A gang. My worst fear. My son, my shining boy was in a gang. Worse than that he was running drugs for them, stealing for them, probably dealing for them. I phoned the police, reported him missing. I didn’t mention the gang. On reflection that was a mistake. If I could have got him away from them then, who knows? The police found him in a squat with a stash of drugs ready to deal. They locked him up and I made my first visit to my son in custody. It was not to be the last.
‘I’m sorry, Mum. Really sorry. Get me out of here, I don’t like it here.’
He cried, begged, promised to be good. I believed him but the police didn’t. A day in court, a fine and community service. Which he didn’t do and I paid the fine.
Wednesday night, seven o’clock. Knocking on the door, pushing past me, sweaty and out of breath.
‘Hi Mum! Ran all the way across the park, thought it might rain. Grab a shower, yeah?’
‘Towels in the airing cupboard.’
Door slammed, water roaring. Running across the park. But that was cold sweat.
He came out of the bathroom in a puff of steam.
‘Can’t stop, Mum, I’ve got a date. See you tomorrow, yeah?’
He was gone, towels on the floor, shower dripping. I opened the window.
That was the night there was pounding on the door, three officers I didn’t know.
‘Where’s your son, love? We need to speak to him about a serious assault.’
I shook my head.
‘He doesn’t live here anymore. I don’t know where he is, I never know.’
They searched, rummaged through all my possessions. In the airing cupboard, under some towels, they found a knife. Long blade, black handle, not one of mine. There was blood on it. I was put in a police car, driven away and questioned. I saw neighbours turn their backs when I returned.
That night a young man lost his life. Stabbed in the park. A drug deal gone wrong. I cried for that young man and for the young man I now knew was lost to me. My heart split and I knew I could not save him. A mother’s love was not enough.

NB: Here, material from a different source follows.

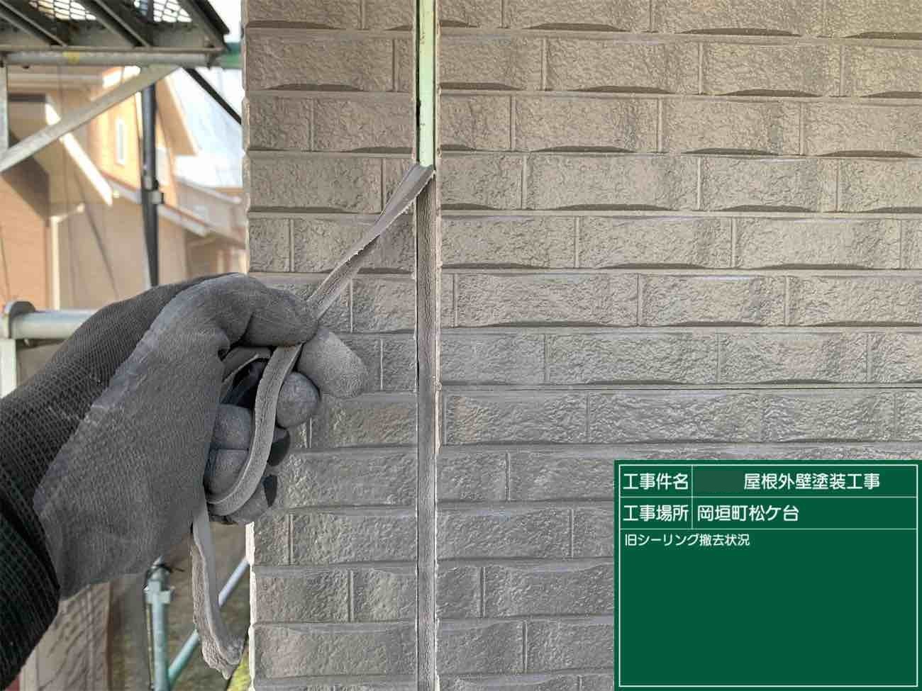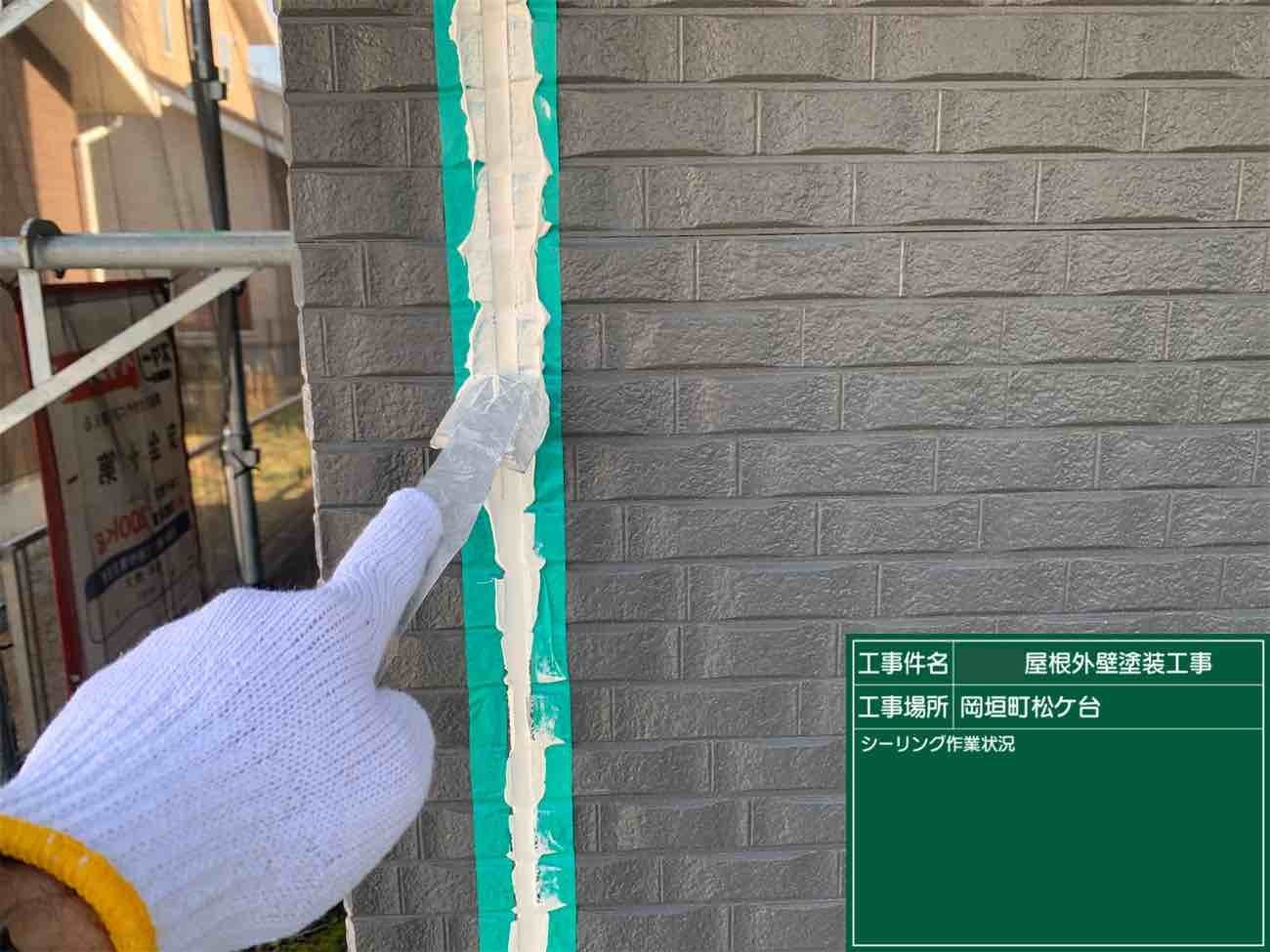 目地の底にボンドブレーカーを接着していきます。シーリングの3面接着を防ぎます。

I visited him on remand, sitting at a scuffed table, drinking lukewarm weak coffee from a polystyrene cup. He leaned back on his chair, eyes never meeting mine, sucked his teeth and grinned.

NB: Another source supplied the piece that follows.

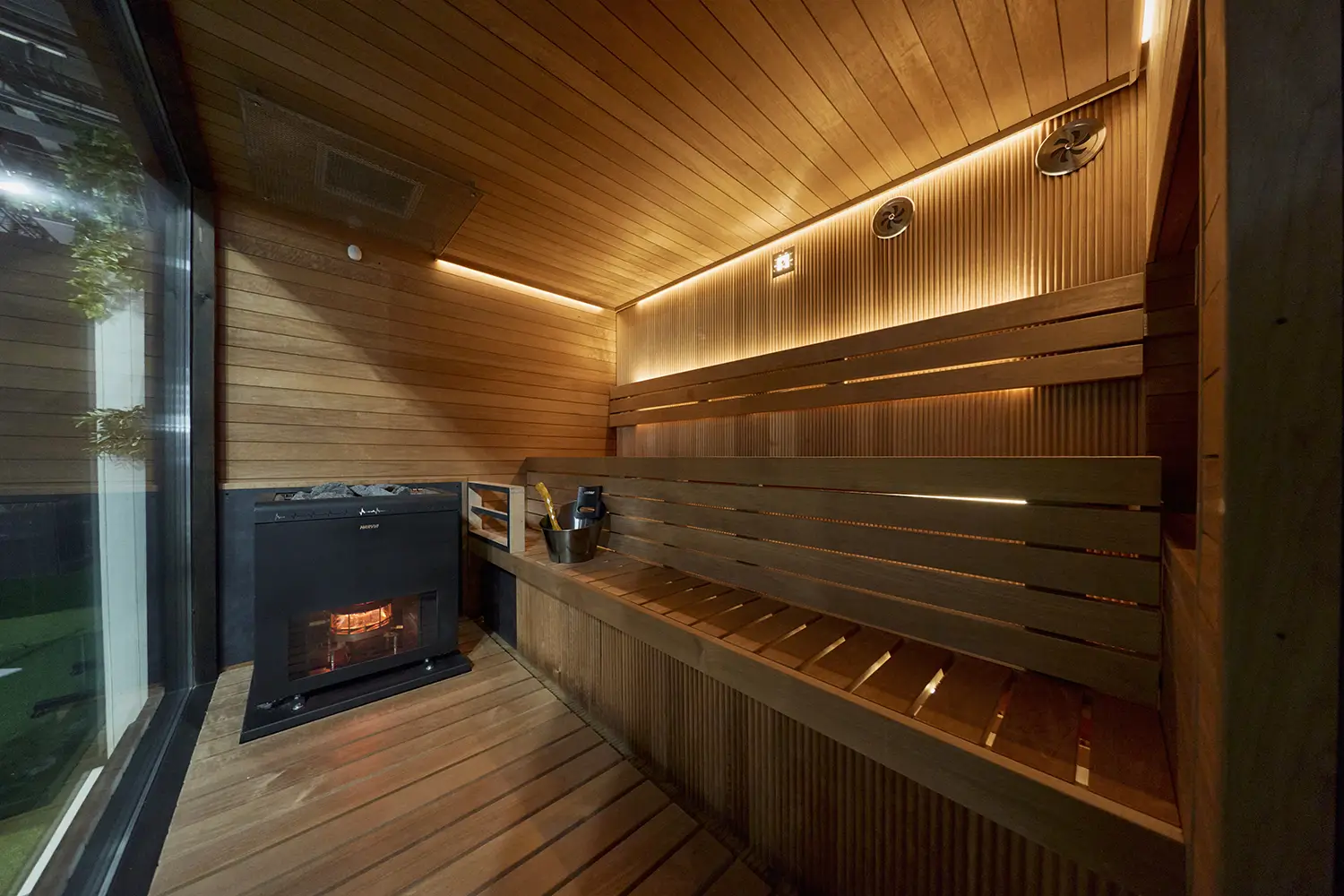 両者の協働によって、燃焼によって生じる熱と水蒸気をサウナルーム内に直接取り込み、煙突を必要としないサウナの設計が、現実のものとなってきました」

‘Nothing on me, Mum. Home free. I’ll be rocking up for tea before you know it. Pigs can’t pin this one on me.’
I slammed the cup down, slopped coffee across the filthy surface. He sat up, stared at me and I saw another man look back at me. Not my son, not the boy I knew. A hard man, a lost man.

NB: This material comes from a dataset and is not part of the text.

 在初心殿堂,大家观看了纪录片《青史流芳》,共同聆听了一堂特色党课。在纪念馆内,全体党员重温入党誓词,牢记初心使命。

‘If you did this—if it was you then you deserve what you’ll get. That boy didn’t deserve to die. He was a son, a brother just like you. And someone, maybe you, took his life. You have broken my heart for the last time. I can’t come here again.’
I stood, turned and walked away.
‘Mum? You’ll be in court, yeah?’
I stopped, nodded and waited for the officer to open the door. I didn’t look back.
I sat through his trial. I couldn’t look at him when he gave evidence, or as he sat in the dock, or when he called to me when they took him back to the cells at the end of each day. I wanted to but I was afraid he would see the emptiness in my eyes and know that my unconditional love was not enough. When he stood for the verdict I turned to face him. He looked lost, a frightened child in an adult world. But he was a man now, twenty-two and having to face up to the consequences of his own actions. There was nothing I could do. Guilty on all counts. My son the murderer.